You’ve learned the form and thanks to your mentor, you’ve gotten firsthand insight into what makes great screenplays work. Come up with a schedule you can stick with and stick to it. A lot of research has been done on the subject of sticking to a writing schedule so we won’t expand upon that here. If you’re serious about becoming a professional screenwriter, setting and sticking to a writing routine will yield more results than all the inspiration in the world. Furthermore, when you condition yourself to write even when you’re not downright chomping on the bit to do it, that in itself is a great practice to develop. Pros write even when they don’t want to. So, get in the saddle, observe your tendency to resist, and then commit to the practice of writing. Film Connection screenplay mentor Ron Osborn (Meet Joe Black, The West Wing, Moonlighting) shares how he goes about working his writing schedule and shares other key bits of writing advice you can bank on.
7 – Be Open to Critique and Criticism
Whether they’re writers who just completed their first full-length screenplay or professionals with box office busters under their belt, all writers have to deal with criticism. If you are a Film Connection student, once you’ve completed and polished your screenplay, you will send it to your mentor and a trusted group of readers for critique. You may also choose to extend that group and send submit your script for coverage. If two readers have similar notes for you on something, say they find a character boring or hard to visualize or don’t understand the protagonist’s motivation, consider what they’re saying. The solution might be something no one else can see which is fine. It’s for you to figure out. Nevertheless, if you’re getting the same note again and again, it’s worth heeding. Sleep on it and let the answer bubble up to the surface.

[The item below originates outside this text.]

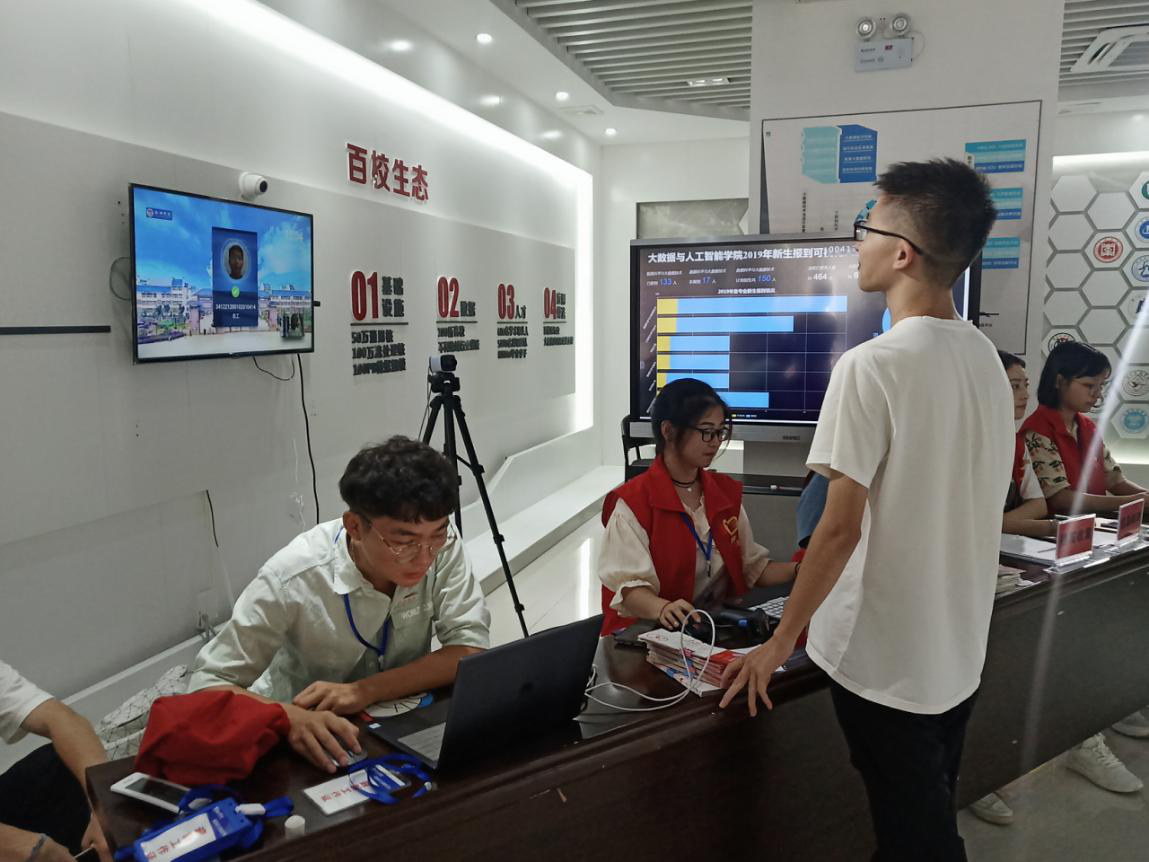 今年,各学院结合专业设置开展了形式多样的特色迎新。大数据与人工智能学院开启人脸识别系统,通过“刷脸”就可以获取新生有关信息,办理入学手续,提高工作效率。2017级云计算专业学生徐慧琳说:“今年迎新速度比去年大有提升,在短时间内能够完成多名新生的信息录入。”同时,在报到大厅设有电子显示屏,实时动态掌握新生入学数据。

Behind the closed doors of a production company’s conference room, professional screenwriters who make a very nice living plying their craft receive notes. It’s just par for the course. Sure, they might quietly be resistant to some of the proposed changes a development executive wants to make. Nevertheless, they’re open to the advice. The more open and receptive you can be to their criticism, the better. In the long run, anyone who’s optioned your script and devoted their time, talent, and resources into bringing that movie to the big and small screens is invested in it’s success so put any notions of the starving artist or misunderstood genius on the shelf. There’s work to do!